--- RAW DATA Enclosed Below ---

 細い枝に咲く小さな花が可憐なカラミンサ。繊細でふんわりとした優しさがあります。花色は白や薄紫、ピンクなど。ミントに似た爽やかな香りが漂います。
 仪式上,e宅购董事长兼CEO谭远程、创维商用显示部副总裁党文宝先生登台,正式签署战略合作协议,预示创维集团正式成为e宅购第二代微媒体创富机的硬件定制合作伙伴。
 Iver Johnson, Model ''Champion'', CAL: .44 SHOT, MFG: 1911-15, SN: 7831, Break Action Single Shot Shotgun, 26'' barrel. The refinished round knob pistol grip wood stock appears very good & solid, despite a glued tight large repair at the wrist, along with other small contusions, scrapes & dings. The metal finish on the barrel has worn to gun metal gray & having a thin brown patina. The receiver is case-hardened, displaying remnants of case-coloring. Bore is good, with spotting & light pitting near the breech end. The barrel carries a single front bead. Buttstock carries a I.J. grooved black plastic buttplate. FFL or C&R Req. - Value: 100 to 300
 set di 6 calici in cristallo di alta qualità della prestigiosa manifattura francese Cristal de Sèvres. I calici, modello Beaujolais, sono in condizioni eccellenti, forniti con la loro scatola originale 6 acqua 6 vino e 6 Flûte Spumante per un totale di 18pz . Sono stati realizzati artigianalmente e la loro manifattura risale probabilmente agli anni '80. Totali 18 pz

--- End of Enclosed RAW DATA ---
--- RAW DATA Enclosed Below ---

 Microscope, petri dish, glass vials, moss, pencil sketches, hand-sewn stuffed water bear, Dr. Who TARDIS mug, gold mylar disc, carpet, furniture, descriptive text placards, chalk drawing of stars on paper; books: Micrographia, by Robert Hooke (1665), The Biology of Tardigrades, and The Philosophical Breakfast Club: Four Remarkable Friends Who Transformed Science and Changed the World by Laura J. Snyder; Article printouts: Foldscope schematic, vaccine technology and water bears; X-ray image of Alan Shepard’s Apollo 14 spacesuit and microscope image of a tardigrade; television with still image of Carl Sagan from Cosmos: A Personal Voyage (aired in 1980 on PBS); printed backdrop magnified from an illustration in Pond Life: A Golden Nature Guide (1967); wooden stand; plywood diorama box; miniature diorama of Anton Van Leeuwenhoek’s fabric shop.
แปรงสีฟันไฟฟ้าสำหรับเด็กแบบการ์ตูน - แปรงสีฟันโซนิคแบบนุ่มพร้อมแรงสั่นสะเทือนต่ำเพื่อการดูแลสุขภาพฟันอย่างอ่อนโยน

--- End of Enclosed RAW DATA ---

● **PROBLEM STATEMENT**
Look above for the line holding "Iver Johnson, Model". Print it and every line after it, exactly, through the line holding "set di 6 calici".

● **RESULT OF THE EXERCISE**
 Iver Johnson, Model ''Champion'', CAL: .44 SHOT, MFG: 1911-15, SN: 7831, Break Action Single Shot Shotgun, 26'' barrel. The refinished round knob pistol grip wood stock appears very good & solid, despite a glued tight large repair at the wrist, along with other small contusions, scrapes & dings. The metal finish on the barrel has worn to gun metal gray & having a thin brown patina. The receiver is case-hardened, displaying remnants of case-coloring. Bore is good, with spotting & light pitting near the breech end. The barrel carries a single front bead. Buttstock carries a I.J. grooved black plastic buttplate. FFL or C&R Req. - Value: 100 to 300
 set di 6 calici in cristallo di alta qualità della prestigiosa manifattura francese Cristal de Sèvres. I calici, modello Beaujolais, sono in condizioni eccellenti, forniti con la loro scatola originale 6 acqua 6 vino e 6 Flûte Spumante per un totale di 18pz . Sono stati realizzati artigianalmente e la loro manifattura risale probabilmente agli anni '80. Totali 18 pz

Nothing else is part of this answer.